A standup guy walking tall.
.

What to do? Hmm. What about throwing the issue into a miasma of bureaucratic paper shuffling so that nobody would notice what you were doing, and downtown scofflaws could actually be absolved, de jure as well as de facto?

In August, 2014 the City tried this pitch with the idea that the Noise ordinance would be updated along with great swaths of the existing land use law to make thing, you know, easier to figure out. But downtown noise played a prominent part in the discussion, if not really in the staff report. The council approved noise studies as a mechanism, a cynic might say, to avoid cracking down on Popoff, Jack Franklin’s Roscoe’s, and their ilk, because that is exactly what happened.

I’m not going to do my job and you can’t make me…

2015 rolled around and the Community Development “professionals,” led by newly minted Director Karen Haluza, were again yakking it up about revising the Code.
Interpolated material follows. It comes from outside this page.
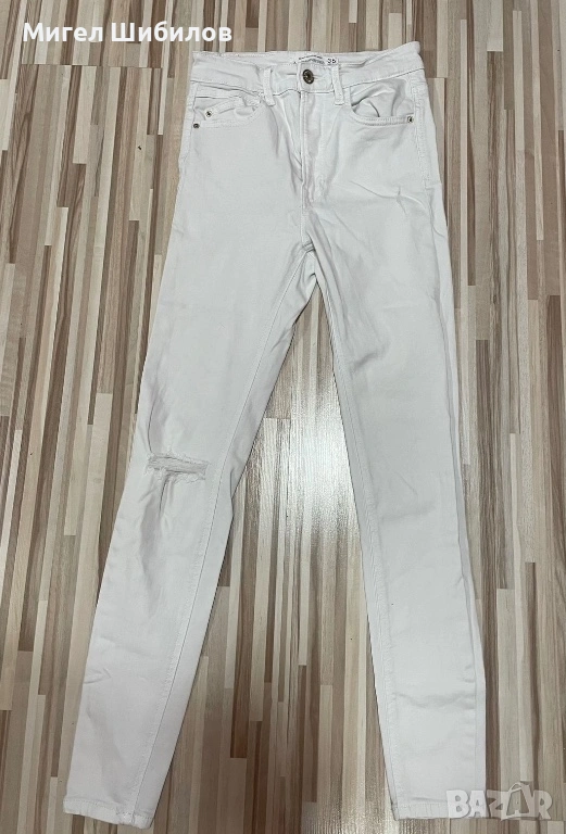 Продавам дамски бели дънки на Stradivarius размер 36 (отговарят на S).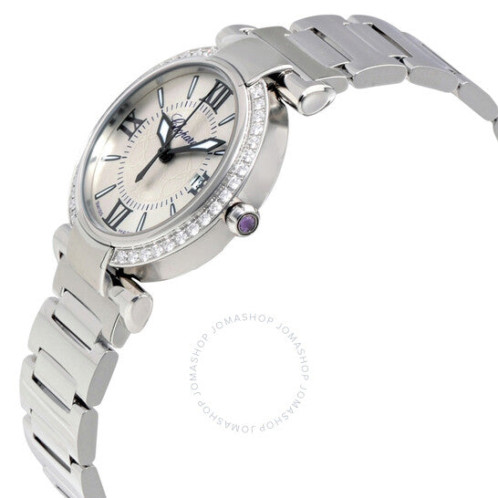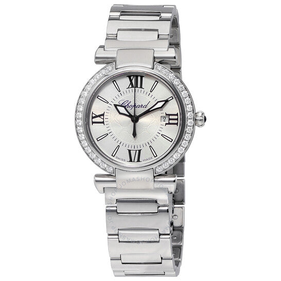 علبة من الفولاذ المقاوم للصدأ مع سوار من الفولاذ المقاوم للصدأ. إطار ثابت من الفولاذ المقاوم للصدأ مرصع بالألماس. ميناء فضي بعقارب مضيئة ومؤشرات ساعات. أرقام رومانية تُشير إلى الساعات 3 و6 و9 و12. مؤشرات دقائق حول حلقة داخلية. نوع الميناء: تناظري. عرض التاريخ عند الساعة 3. حركة كوارتز. زجاج ياقوت مقاوم للخدش. تاج قابل للسحب/الدفع. غطاء خلفي صلب. شكل دائري. حجم العلبة: 28 مم. سمكها: 8 مم. عرض السوار: 15 مم. مشبك طي مخفي. مقاومة للماء حتى عمق 50 مترًا / 165 قدمًا. الوظائف: التاريخ، الساعة، الدقائق، الثواني. سلسلة إمبيريال. تصميم ساعة فاخرة. علامة الساعة: صناعة سويسرية. اختلافات المنتج: 388541 3004، 388541.3004، 3885413004. ساعة شوبارد إمبريال للسيدات بمينا فضي وفولاذ مقاوم للصدأ 388541-3004.

Well, these things take time, you know, and in the late summer of 2016 the City Council finally got around to passing Ordinance 3232, a revised Code, still, with intent of instilling commonsense and clarity. The definition of amplified music was scratched out pending future action.

But whatever the motivation, the ever-shifting sands of sound gave the bureaucrats, aided and abetted by the perpetual dishonesty of City Attorney Dick Jones, the pretext they needed to bat away complaints about the illegal noise – because the issues was under study and consideration!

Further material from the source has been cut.